Cittadinanza ai diciottenni, comuni attivi Roma non c’è

Italia-razzismo
È cominciata un anno fa la campagna «18 anni in Comune» promossa da Anci, Save the Children e Rete G2. Si tratta di un’iniziativa volta a sollecitare i sindaci affinché inviino una lettera alle persone straniere nate sul territorio comunale e iscritte al registro anagrafico di riferimento perché sappiano che al compimento dei 18 anni, e fino che non ne abbiano compiuti 19, possono richiedere la cittadinanza italiana. È l’unica possibilità di presentare questo tipo di domanda in virtù dello ius solii, anche se si tratta di un’applicazione di questo diritto sempre moderata.

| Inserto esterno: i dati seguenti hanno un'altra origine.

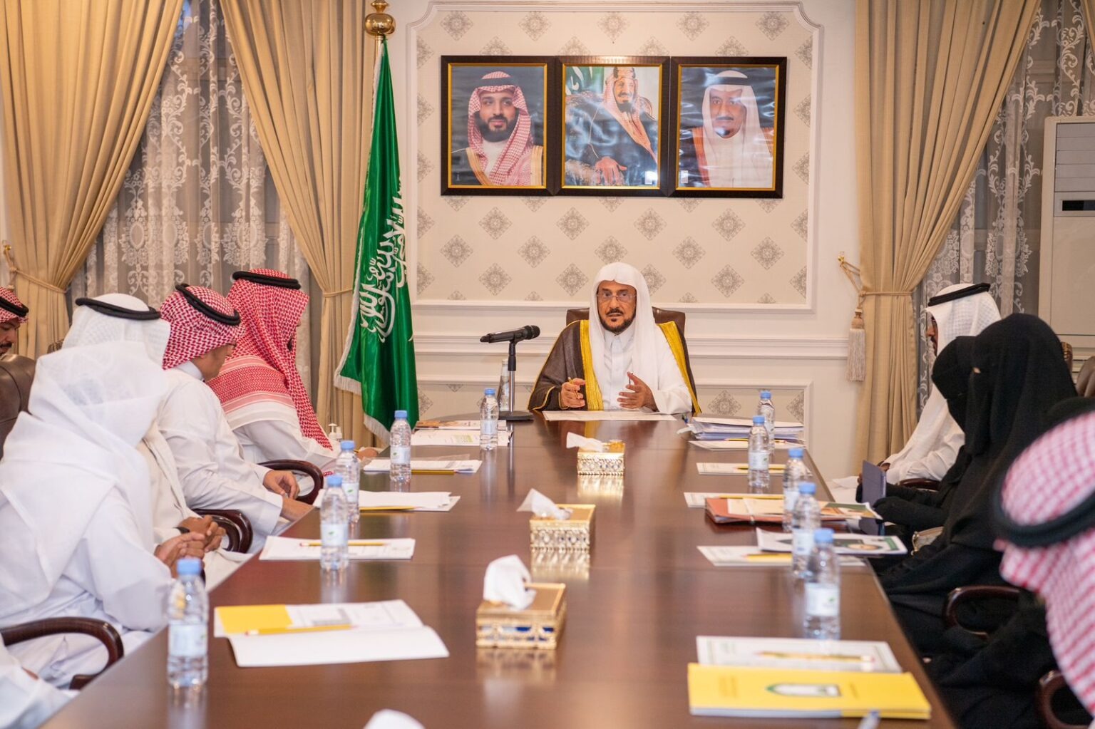 ونوه معاليه في بداية الاجتماع بالدعم الذي تجده الوزارة من القيادة الرشيدة -أيدها الله -لتحقق أهدافها ورسالتها بما يتسق مع رسالة المملكة في خدمة الإسلام والمسلمين وبيوت الله ومرتاديها، والدعوة إلى الله وفق ما جاء في الكتاب والسنة، ونفع الناس وتبصيرهم وفق المنهج الوسطي المعتدل، ونبذ التطرف والتصدي للغلو. واستعرض مدير عام الإدارة -خلال الاجتماع-أبرز منجزات الإدارة حيث بين أنه تم خلال الأربع سنوات الماضية توظيف أكثر من 6000 الآف موظف وموظفة ما بين إمام ومؤذن ومراقب ومراقبة ودعاة وداعيات وحراس وحارسات أمن، وذلك ضمن الجهود التي تسعى الوزارة لتحقيقها لمواكبة توجيهات القيادة الرشيدة في توظيف الكفاءات من أبناء وبنات الوطن.
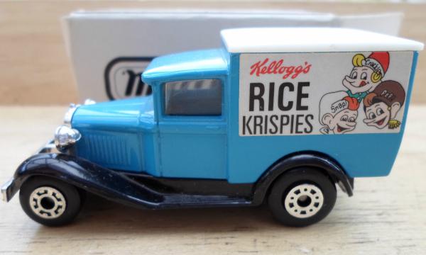 light blue, black chassis, white textured roof, KG license plate, KELLOGG'S RICE KRISPIES labels deco |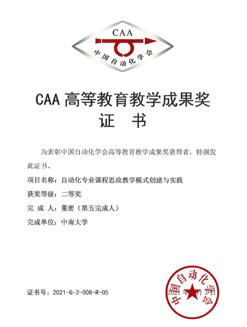 [16] 【教学成果奖】2021年6月,自动化专业课程思政教学模式创建与实践获CAA高等教育教学成果奖二等奖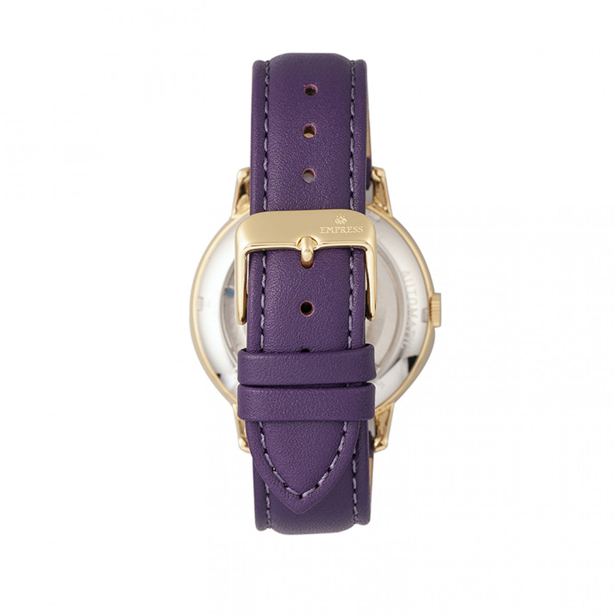 Empress Quinn Automatic MOP Semi-Skeleton Dial Leather-Band Watch - Purple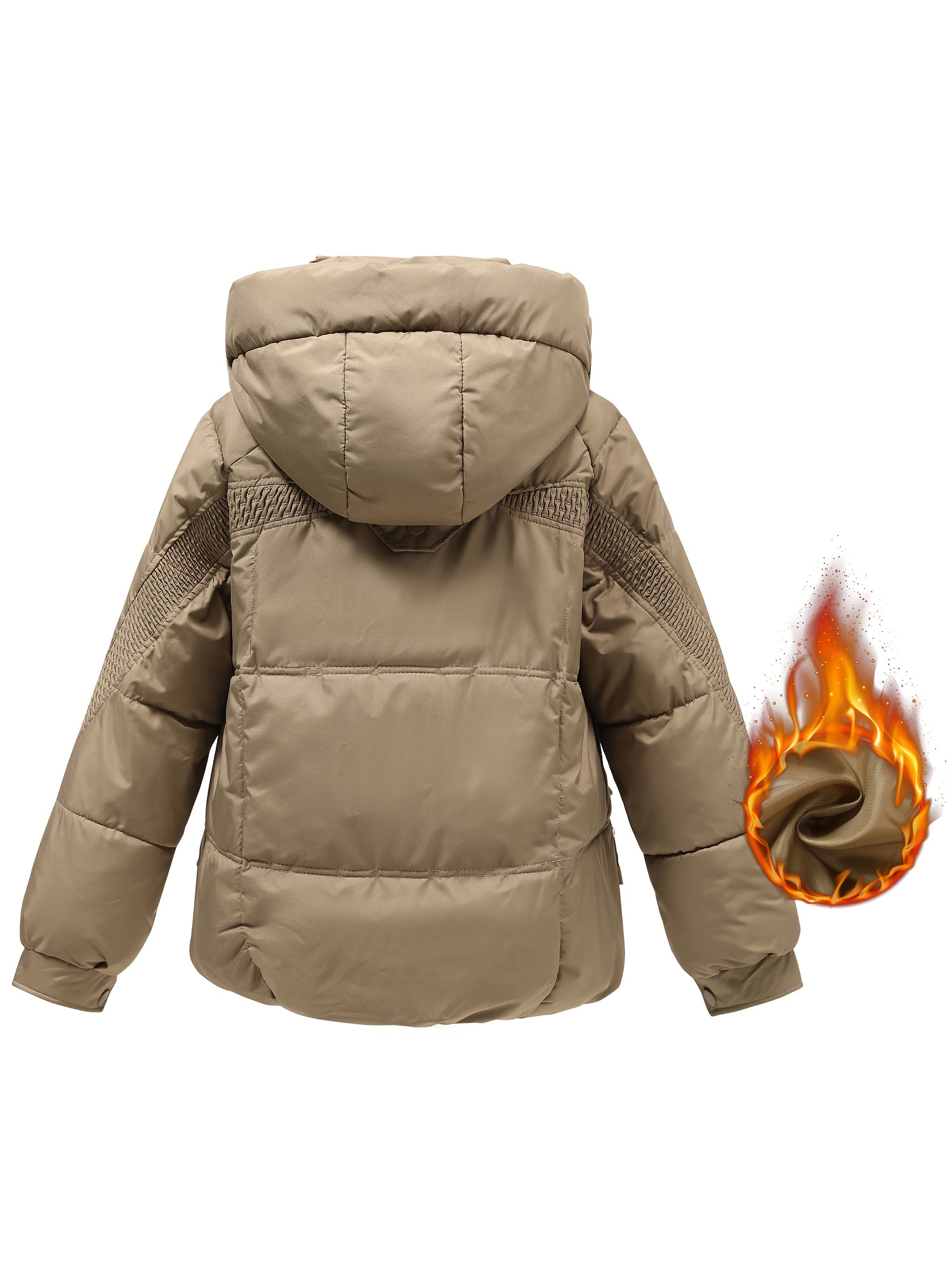 Home Women's Athleisure Women’S Hooded Zip-Up Jacket – Winter Warmth Windproof Coat with Full-Zip Closure, Beigeu002F Tanu002FBlacku002F – Non-Stretch Outer Shell for Cold Weather, Outdoor Activities, Everyday & Formal Events – Easy-Care Casual Outerwear, Winter Jacket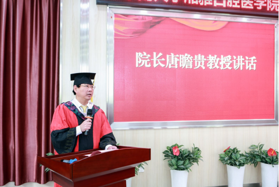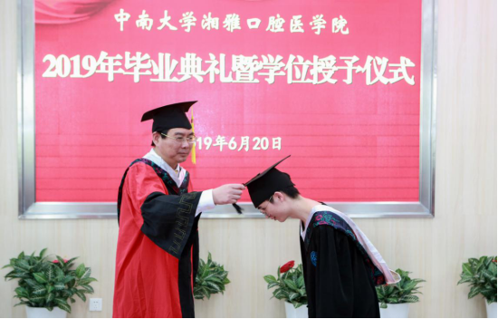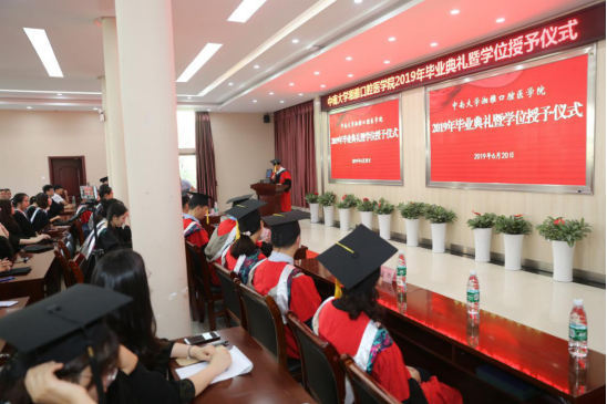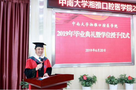 6月20日上午,bv1946伟德国际始于英国2019年毕业典礼暨学位授予仪式在门诊2栋4楼学术报告厅隆重举行。院领导邓超纲、唐瞻贵、吴世明、谢晓莉、李奉华、刘欧胜,老领导黄俊辉,bevictor1946韦德官网湘雅医公司附属海口医院口腔医学中心主任徐普,湘雅医院口腔医学中心副主任苏彤、湘雅二医院口腔医学中心副主任冯云枝、湘雅三医院口腔科主任郭新程出席毕业典礼,公司各职能部门负责人、教师代表、员工家长和2019届全体毕业生近150人参加了典礼。毕业典礼由公司党委书记邓超纲主持。

Sono stati oltre 300 i Comuni aderenti e che si sono fatti portavoce di questa importante possibilità. Nell’elenco dei lodevoli non c’è, però, il Comune di Roma. Un assente ingiustificato dal momento che la presenza straniera in quella città è davvero cospicua. La campagna è comunque ancora in atto e questo fa ben sperare che si tratti solo di una dimenticanza.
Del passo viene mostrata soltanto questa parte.